The objective of this paper was to present, review and discuss how models are applied in the case of model-assisted and model-based estimation in large-area forest surveys, and to discuss advantages and disadvantages of the two estimation frameworks in this context. We also present, review and discuss a newly introduced estimation framework where probability sampling is applied for the selection of auxiliary data, upon which model-based inference is applied in a second phase. This framework in denoted hybrid inference, after Corona et al. (2014).

We restrict the study to large-area estimation. This is the case of national forest inventories and greenhouse gas inventories under the United Nations Framework Convention on Climate Change (e.g., Tomppo et al. 2010). Importantly, in this case there is no need to make assumptions about residual error terms linked to individual population elements, which is a core issue in model-based small-area estimation (e.g., Breidenbach and Astrup 2012, Breidenbach et al. 2015). The reason is that the residual error terms will have almost no influence on the results, as will be demonstrated below. However, we do not specify how large a “large area” must be, but use the term as a general concept.

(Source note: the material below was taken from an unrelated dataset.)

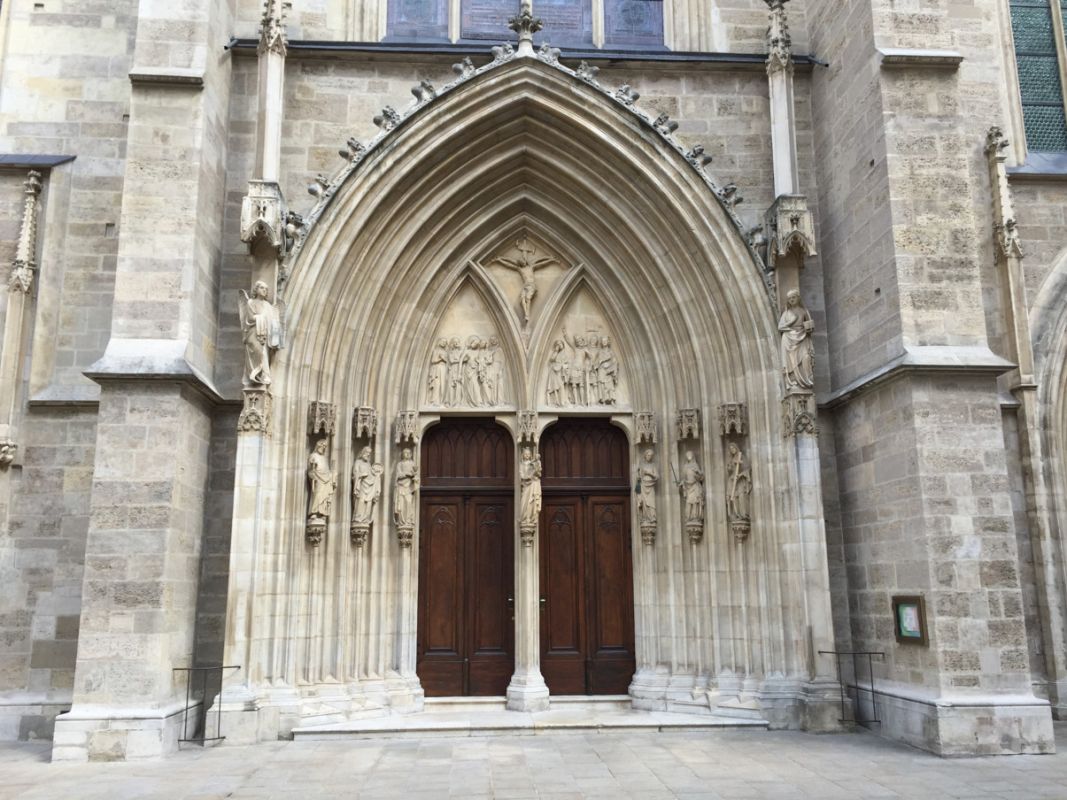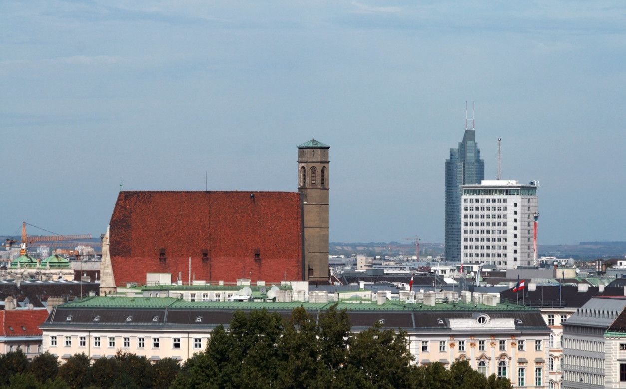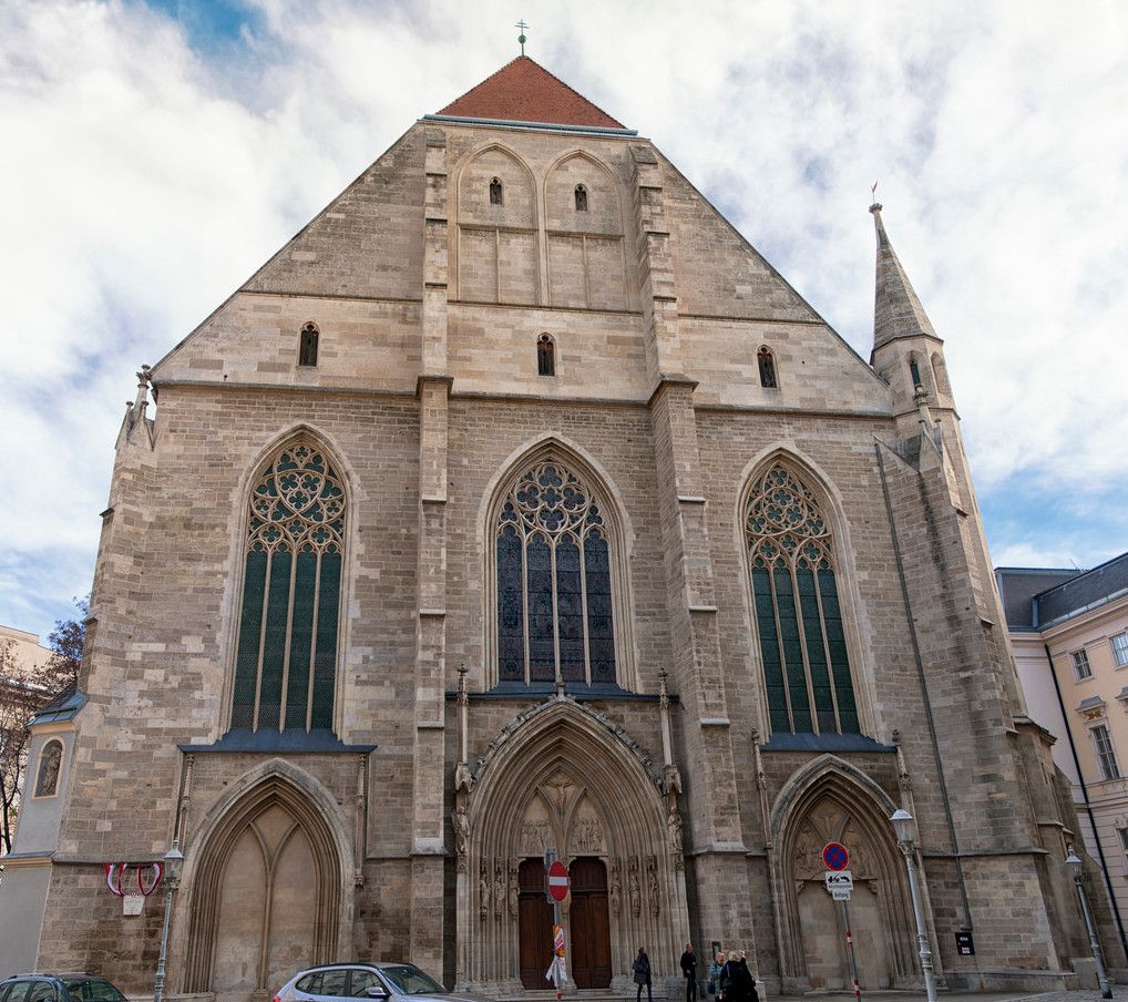 Церковь миноритов была заложена в 1275 году, став одной из первых церквей в готическом стиле в Вене. Первые изменения в архитектуре здания произошли довольно быстро: в 1328 году была построена часовня в честь Людовика IX Святого. Часовня имела отдельный вход и не соединялась с церковью. Однако, объединение произошло уже в 1340 году, создав трехнефное единое помещение.

Below, we present the basics of model-assisted, model-based, and hybrid inference (chapter 2). Subsequently we present a brief review of the application of these methods in forest surveys (chapter 3), and, finally, we discuss advantages and disadvantages of the different approaches and make conclusions (chapters 4 and 5).

Basics of model-assisted, model-based and hybrid estimation

In this chapter we summarize some basic concepts related to the use of models in large-area forest surveys. We restrict the scope to cases where models are applied for improving estimators (or predictors) once sample or wall-to-wall data have been collected. However, models may also be used in the design phase for improving the sample selection (e.g., Fattorini et al. 2009, Grafström et al. 2014), but such cases are not covered in this article.

Design-based inference

This paper requires a basic understanding of the concepts design-based and model-based inference (e.g., Cassel et al. 1977, Särndal 1978, Gregoire 1998, McRoberts 2010).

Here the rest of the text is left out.